> [Material for this exercise]:
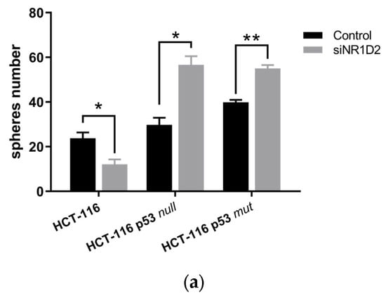 Finally, we studied the self-renewal capacity of cells after NR1D2 silencing analysing the sphere-forming faculty under free-serum conditions in an ultra-low anchorage-system. NR1D2 knock-down decreased the number of spheres formed by HCT-116 cells, while increasing it in HCT-116 p53 null and HCT-116 p53 mut cells (Figure 7).
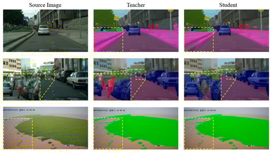 However, our ADNet still faces several challenges, particularly in the following aspects: Firstly, the performance of the teacher network directly influences the student network’s performance due to the distillation structure. Consequently, any incorrect knowledge embedded in the teacher network can be seamlessly transmitted to the student model without any filtering mechanism, ultimately leading to a decrease in the student’s performance. As illustrated in Figure 22, we visually compare the segmentation results of ADNet, Segformer, and OCRNet. These comparisons reveal that the teacher network’s misidentifications can directly contribute to the errors in ADNet. Conversely, traditional semantic segmentation models do not exhibit similar errors as their training solely relies on the truth-labeled samples. In our ADnet structure, we directly analyze the feature disparities between the teacher and student networks to regulate the student’s training behavior. However, this process not only captures the correct features but also incorporates the incorrect, harmful features from the teacher network. Meanwhile, ADNet introduces a purification concept that selectively models the interference and multi-scale features from the perspective of the student network. This purification concept can be further extended to facilitate the selective learning of teacher features during the distillation process. Therefore, we will explore a purification approach in our distillation structure that enables the student to discerningly acquire knowledge from the teacher.
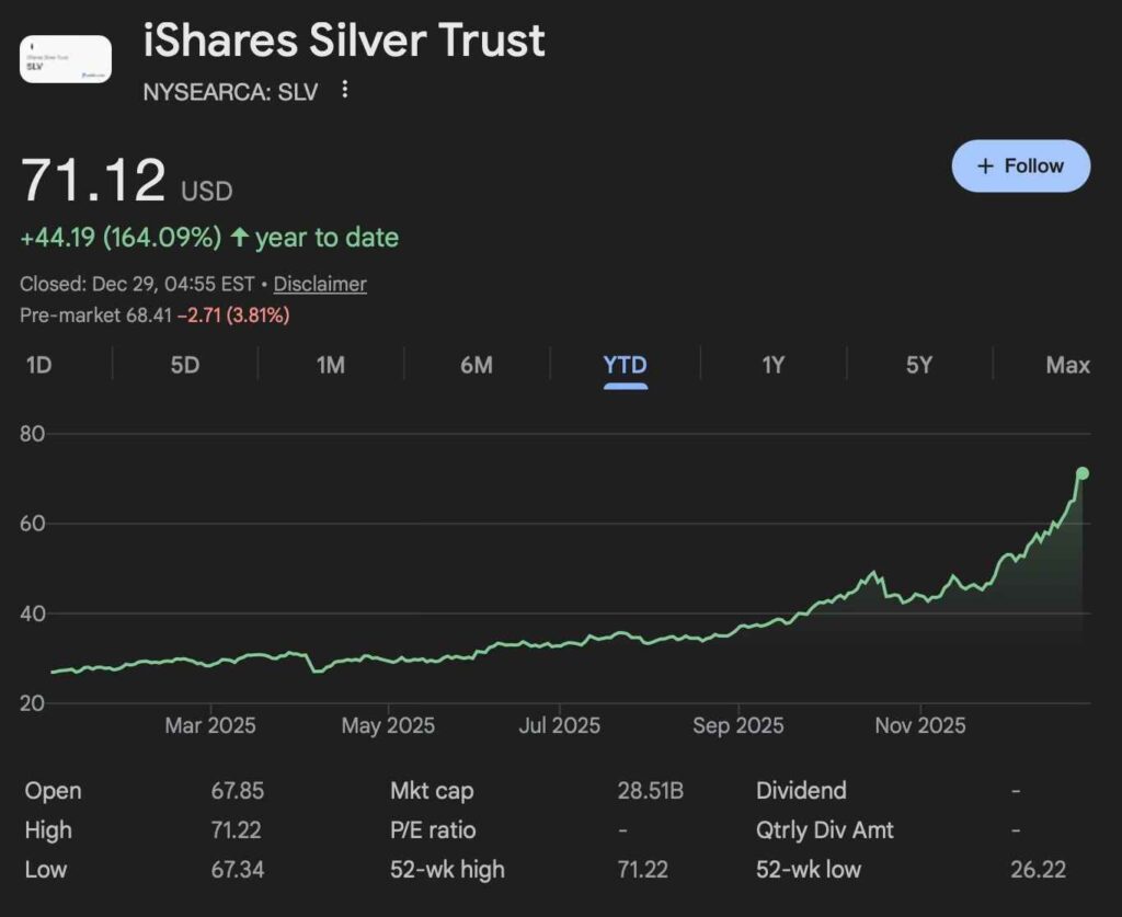 At the time of writing, SLV was at $72.12, up 19% on the week and no less than 164% on the year-to-date chart.
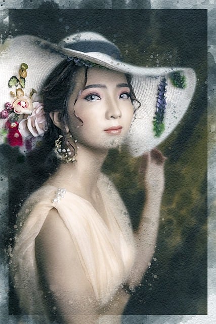 Duvet Covers: woman, face, hat, dress, formal, jewelry, asian, hair, brown hair, painting
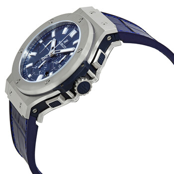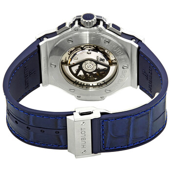 Stainless steel case with lateral blue inserts and a blue rubber strap with a stiched blue (alligator) leather top. Fixed stainless steel bezel. Blue dial with luminous silver-tone skeleton hands and index hour markers. Minute markers around the outer rim. Dial Type: Analog. Luminescent hands and markers. Date display between 4 and 5 o'clock position. Chronograph - three sub-dials displaying: 60 second, 30 minute and 12 hour. Hublot calibre HUB4100 automatic movement, based upon ETA 2894-2, containing 27 Jewels, composed of 252 parts, bitting at 28800 vph, and has a power reserve of approximately 42 hours. Scratch resistant sapphire crystal. Pull / push crown. Transparent case back. Round case shape. Case size: 44 mm. Case thickness: 14.5 mm. Band width: 22 mm. Deployment clasp with a push button release. Water resistant at 100 meters / 330 feet. Functions: chronograph, date, hour, minute, second. Big Bang Series. Luxury watch style. Watch label: Swiss Made. Hublot Big Bang Chronograph Automatic Men's Watch 301.SX.7170.LR.
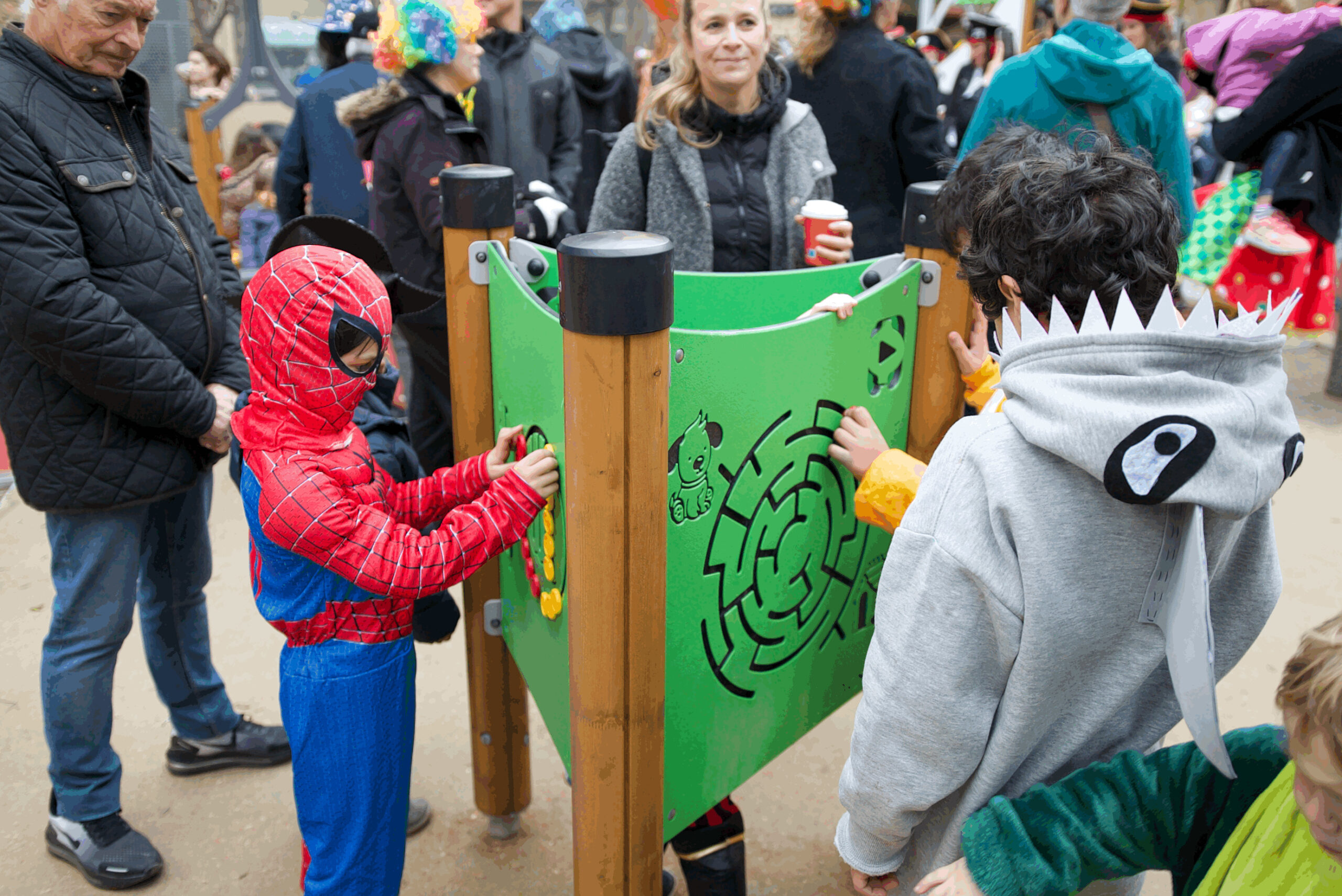 L’àrea de jocs infantils ha incrementat l’espai, passant de 158 a 226 metres quadrats, a més de guanyar en accessibilitat. Dins d’aquest àmbit, se situen dues grans catifes d’activitats: una polivalent i l’altra destinada al joc infantil. A la zona polivalent es canvia el color del paviment a través d’un escenari de formes geomètriques i de jocs tradicionals. Pel que fa a la zona de jocs, s’ha instal·lat un part de sorral i paviment de cautxú amb elements accessibles per gronxar-se, saltar o expressar-se.
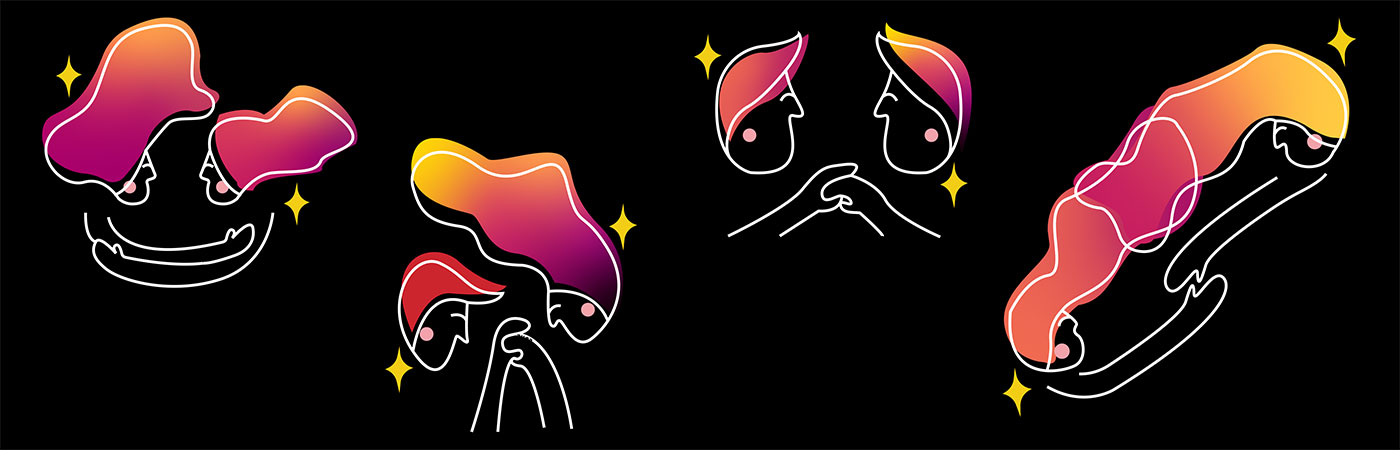 Gender neutral characters reach out to each other with their hands. This symbolises all forms of relationships between humans, not just romantic.
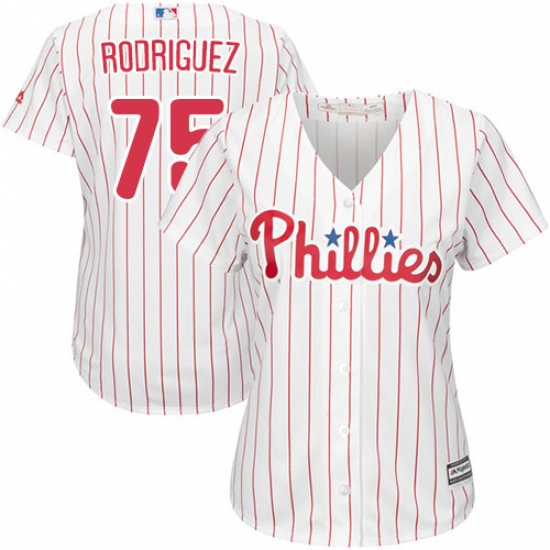 Home>MLB>Philadelphia Phillies>Francisco Rodriguez>Women's Majestic Philadelphia Phillies #75 Francisco Rodriguez Replica White/Red Strip Home Cool Base MLB Jersey
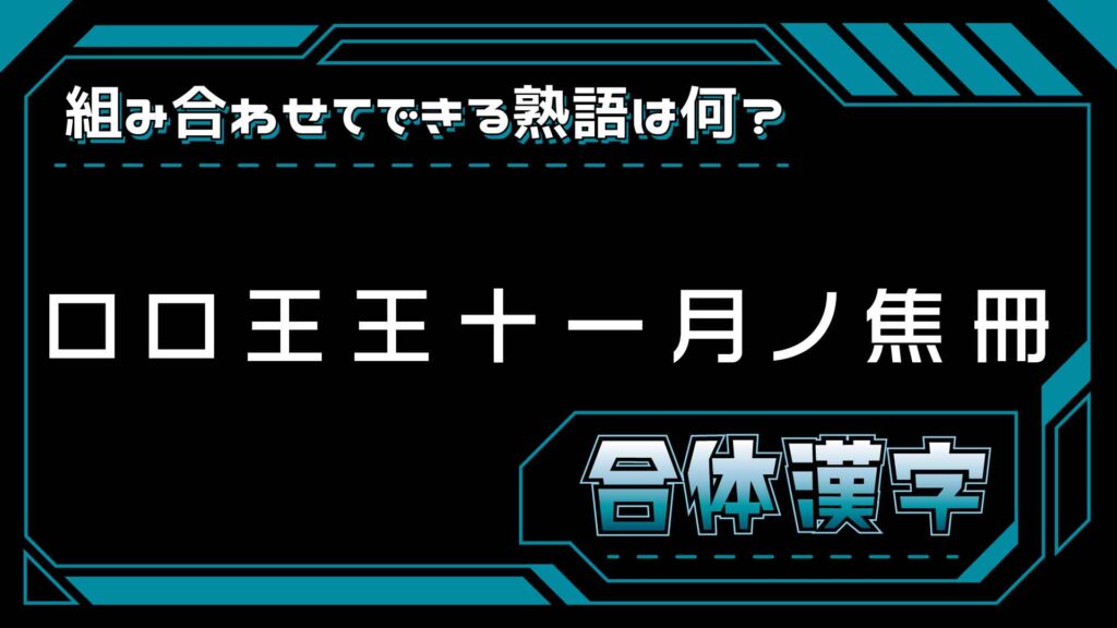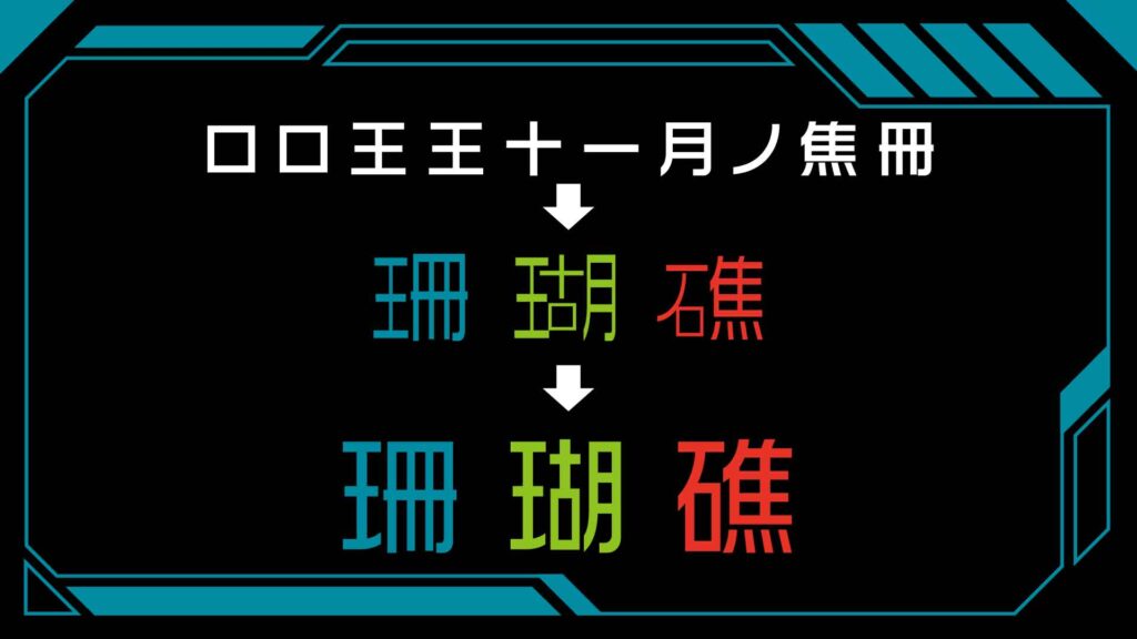 「ロロ王王十一月ノ焦冊」のうち、「王」「冊」を合体させると「珊」! 「王」「十」「ロ」「月」を合体させると「瑚」! 残りの「一」「ノ」「ロ」「焦」を合体させると「礁」! すなわち完成するのは「珊瑚礁(さんごしょう)」となります。
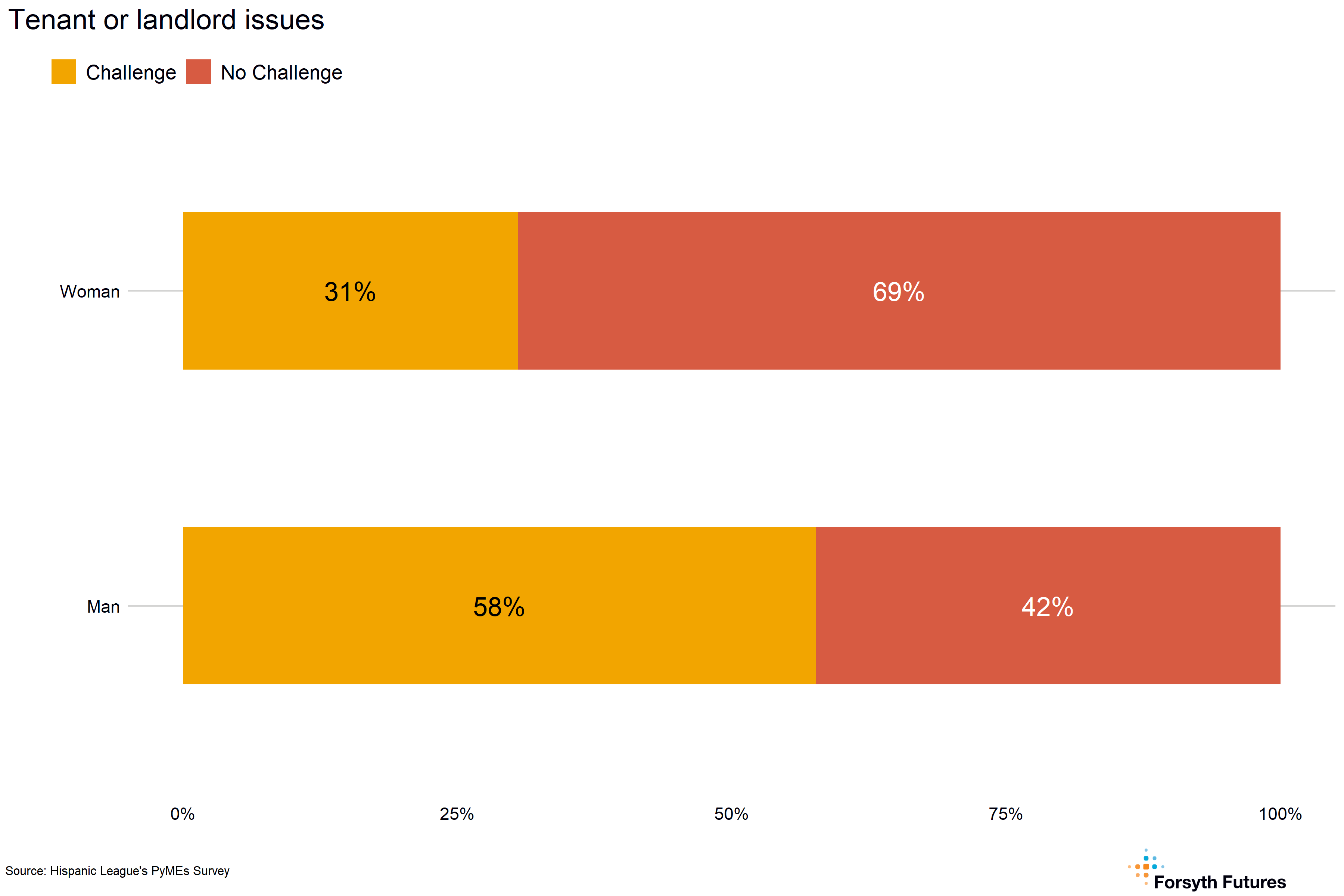 Current and prospective owners who are men are more likely than women to identify tenant or landlord issues as a challenge, with almost twice as many men as women identifying this as a challenge.
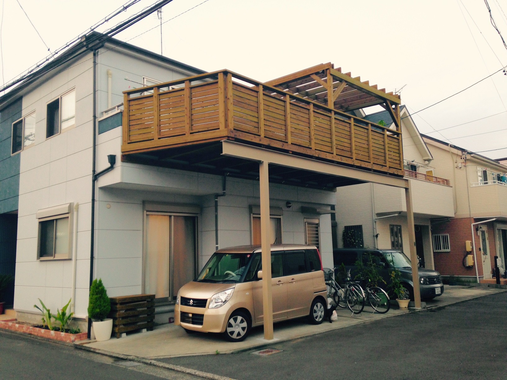 この自動車の上にバルコニー(車庫上デッキでもある)を鉄骨を躯体にして作ったのです。
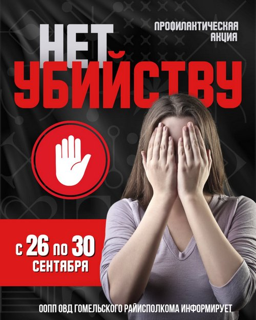 С 26 по 30 сентября на территории Гомельского района пройдет профилактическая акция «Нет убийству», направленная на снижение числа тяжких и особо тяжких преступлений, сообщили в ОВД Гомельского райисполкома.
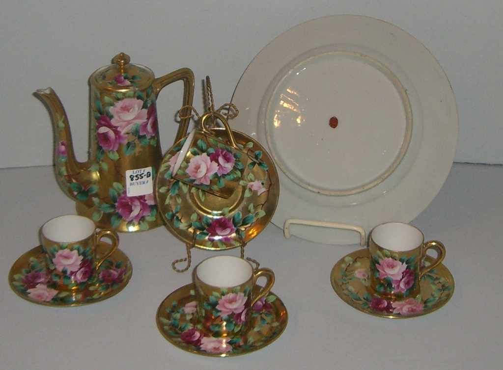 Nippon demi coffee pot with 4 cups & saucers & plate gold with roses Nippon demi coffee pot with 4 cups & saucers & plate gold with roses

> [What the task requires]:
Each line of the material above should be set down exactly, with no pictures.

> [Written answer]:
 Finally, we studied the self-renewal capacity of cells after NR1D2 silencing analysing the sphere-forming faculty under free-serum conditions in an ultra-low anchorage-system. NR1D2 knock-down decreased the number of spheres formed by HCT-116 cells, while increasing it in HCT-116 p53 null and HCT-116 p53 mut cells (Figure 7).
 However, our ADNet still faces several challenges, particularly in the following aspects: Firstly, the performance of the teacher network directly influences the student network’s performance due to the distillation structure. Consequently, any incorrect knowledge embedded in the teacher network can be seamlessly transmitted to the student model without any filtering mechanism, ultimately leading to a decrease in the student’s performance. As illustrated in Figure 22, we visually compare the segmentation results of ADNet, Segformer, and OCRNet. These comparisons reveal that the teacher network’s misidentifications can directly contribute to the errors in ADNet. Conversely, traditional semantic segmentation models do not exhibit similar errors as their training solely relies on the truth-labeled samples. In our ADnet structure, we directly analyze the feature disparities between the teacher and student networks to regulate the student’s training behavior. However, this process not only captures the correct features but also incorporates the incorrect, harmful features from the teacher network. Meanwhile, ADNet introduces a purification concept that selectively models the interference and multi-scale features from the perspective of the student network. This purification concept can be further extended to facilitate the selective learning of teacher features during the distillation process. Therefore, we will explore a purification approach in our distillation structure that enables the student to discerningly acquire knowledge from the teacher.
 At the time of writing, SLV was at $72.12, up 19% on the week and no less than 164% on the year-to-date chart.
 Duvet Covers: woman, face, hat, dress, formal, jewelry, asian, hair, brown hair, painting
 Stainless steel case with lateral blue inserts and a blue rubber strap with a stiched blue (alligator) leather top. Fixed stainless steel bezel. Blue dial with luminous silver-tone skeleton hands and index hour markers. Minute markers around the outer rim. Dial Type: Analog. Luminescent hands and markers. Date display between 4 and 5 o'clock position. Chronograph - three sub-dials displaying: 60 second, 30 minute and 12 hour. Hublot calibre HUB4100 automatic movement, based upon ETA 2894-2, containing 27 Jewels, composed of 252 parts, bitting at 28800 vph, and has a power reserve of approximately 42 hours. Scratch resistant sapphire crystal. Pull / push crown. Transparent case back. Round case shape. Case size: 44 mm. Case thickness: 14.5 mm. Band width: 22 mm. Deployment clasp with a push button release. Water resistant at 100 meters / 330 feet. Functions: chronograph, date, hour, minute, second. Big Bang Series. Luxury watch style. Watch label: Swiss Made. Hublot Big Bang Chronograph Automatic Men's Watch 301.SX.7170.LR.
 L’àrea de jocs infantils ha incrementat l’espai, passant de 158 a 226 metres quadrats, a més de guanyar en accessibilitat. Dins d’aquest àmbit, se situen dues grans catifes d’activitats: una polivalent i l’altra destinada al joc infantil. A la zona polivalent es canvia el color del paviment a través d’un escenari de formes geomètriques i de jocs tradicionals. Pel que fa a la zona de jocs, s’ha instal·lat un part de sorral i paviment de cautxú amb elements accessibles per gronxar-se, saltar o expressar-se.
 Gender neutral characters reach out to each other with their hands. This symbolises all forms of relationships between humans, not just romantic.
 Home>MLB>Philadelphia Phillies>Francisco Rodriguez>Women's Majestic Philadelphia Phillies #75 Francisco Rodriguez Replica White/Red Strip Home Cool Base MLB Jersey
 「ロロ王王十一月ノ焦冊」のうち、「王」「冊」を合体させると「珊」! 「王」「十」「ロ」「月」を合体させると「瑚」! 残りの「一」「ノ」「ロ」「焦」を合体させると「礁」! すなわち完成するのは「珊瑚礁(さんごしょう)」となります。
 Current and prospective owners who are men are more likely than women to identify tenant or landlord issues as a challenge, with almost twice as many men as women identifying this as a challenge.
 この自動車の上にバルコニー(車庫上デッキでもある)を鉄骨を躯体にして作ったのです。
 С 26 по 30 сентября на территории Гомельского района пройдет профилактическая акция «Нет убийству», направленная на снижение числа тяжких и особо тяжких преступлений, сообщили в ОВД Гомельского райисполкома.
 Nippon demi coffee pot with 4 cups & saucers & plate gold with roses Nippon demi coffee pot with 4 cups & saucers & plate gold with roses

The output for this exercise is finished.